I sat in the most comfortable chair in the room with my gun in my hand and waited. I’m not very good at waiting, and I didn’t know how much time was passing. I found an old issue of
Life
with the Sphinx on the cover and read about how they were sandbagging the neck to protect it from German bombers and tanks. I seemed to remember reading it before. I couldn’t figure out why the Nazis would want to blow off the head of the Sphinx, but there were a lot of things I didn’t understand about the Nazis.
When I finished the article, I went back to the kitchen and climbed out the way I had come in, pulling the window down behind me.
Sawyer had said he wasn’t going to kill Blanche Wiltsey. I believed him on that one too, but I wasn’t ready to take his word. I walked around the building and into two cops in uniforms carrying guns in their hands. I stopped.
“Hands in the air, slow and easy,” said one cop, who was about my age, a little on the thin side in a uniform that sagged. He looked as if he had lost some weight recently. The other cop was bigger, a little younger, and wore a snug uniform and a squint.
I put my hands up. The thin cop stepped forward, reached under my jacket, and took my .38 out of my holster.
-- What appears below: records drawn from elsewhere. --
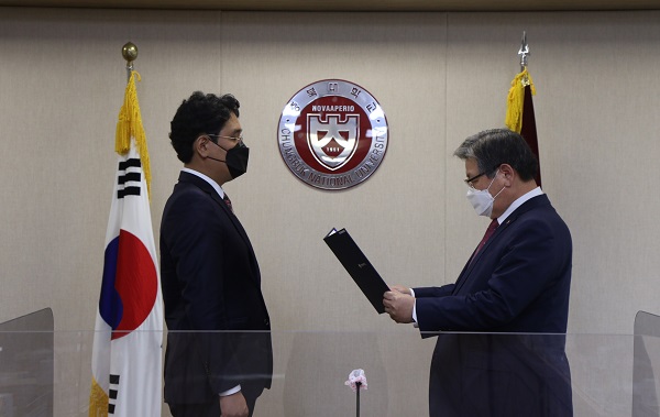 ![]() ▲ 김수갑 충북대총장이 신규임용교원에게 임용장을 수여하고 있다. 충북대. © |
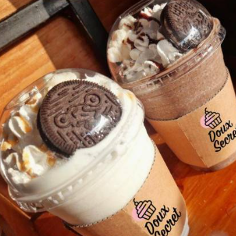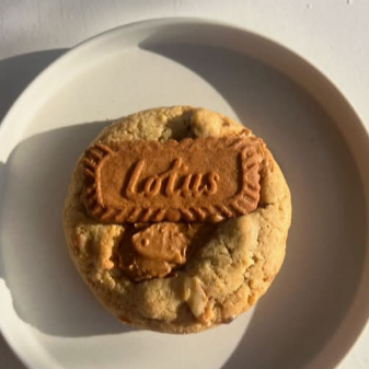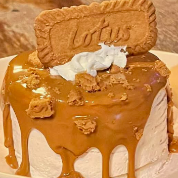 Contiene trocitos de galleta Lotus y nuez en la mezcla, con relleno de crema de Lotus y coronado con una galleta Lotus.
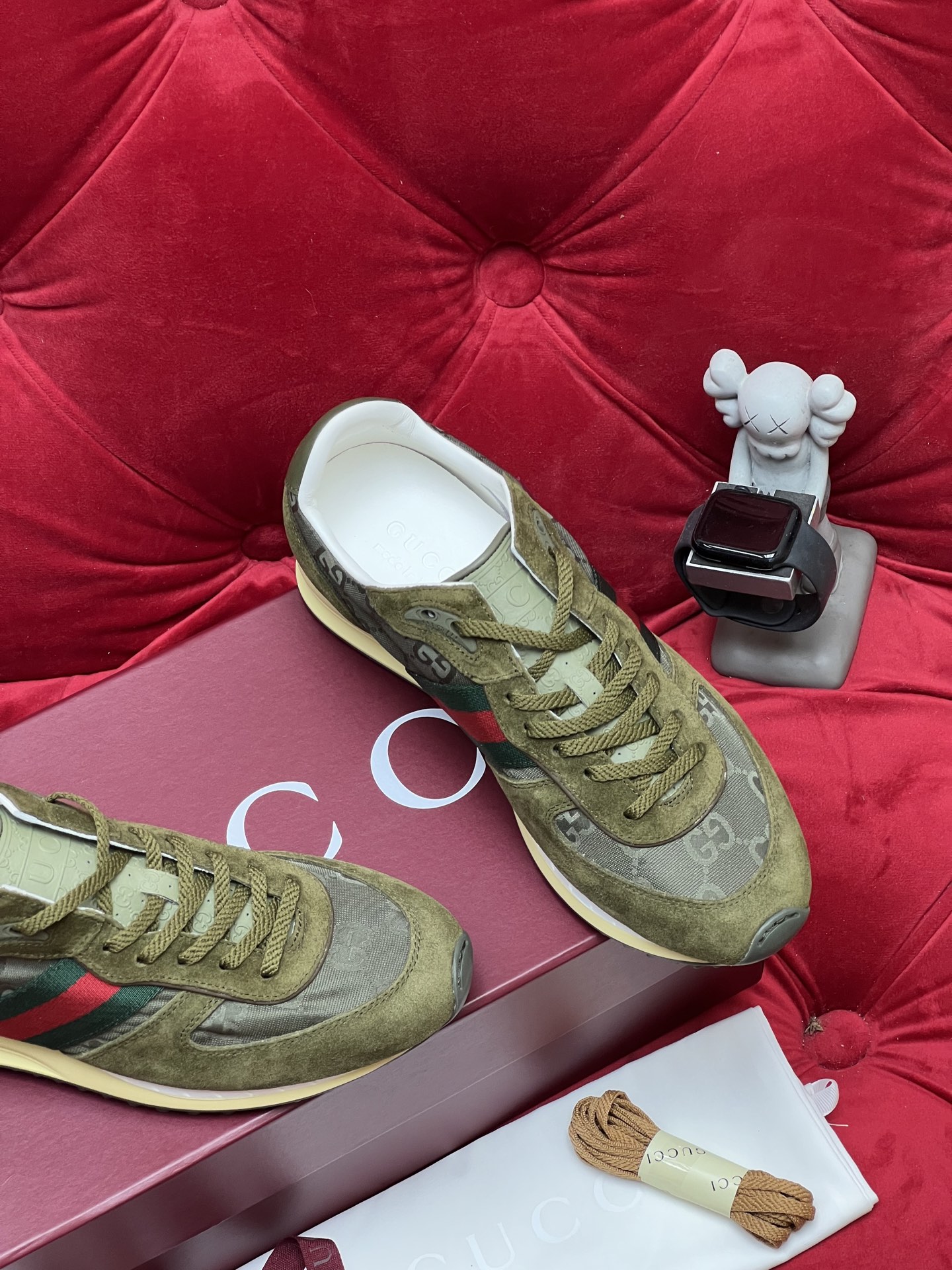 这款鞋子是AAAAA 1:1 质量 (非常棒). 使用了和原版一模一样的材料. 商标部分也保持了和古奇/Gucci一样. 图片拍摄是实物鞋子拍摄, 您所收到的实物保证和我们图片一模一样.
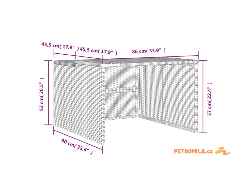 - Celkové rozměry: 86 x 90 x 52/57 cm (Š x H x V)

“I’m a private investigator,” I said. “I’ve got my card with me. I’ve got a permit for that weapon.”
“You have a permit to break into a crime scene?” he asked.
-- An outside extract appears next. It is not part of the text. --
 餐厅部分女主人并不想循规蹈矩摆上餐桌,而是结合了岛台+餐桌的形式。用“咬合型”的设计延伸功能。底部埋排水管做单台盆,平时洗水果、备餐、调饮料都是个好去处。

“I didn’t break in anywhere,” I said.
“We got a call from a neighbor saying someone fitting your description had just climbed into this house through a back window.”
“You said this was a crime scene?” I asked.
“Blood all over the bathroom?” said the dull-looking cop with the squint. “No body.”
“Felix,” said the thin cop in a distinctly warning tone.
“I’m a friend of the woman who lives here,” I said.
“Neighbor suggested we might want to search you,” said the thin cop, stepping in front of me carefully and starting to go through my pockets.
He came up with a stick of Beeman’s Pepsin Chewing Gum, my car keys, some change, and Fiona Sullivan’s locket. He held the locket up.
“Yours?” he asked. “Or did you pick it up inside?”
“It’s a gift for my girlfriend,” I said.
“Looks old,” he said. “Looks silver.”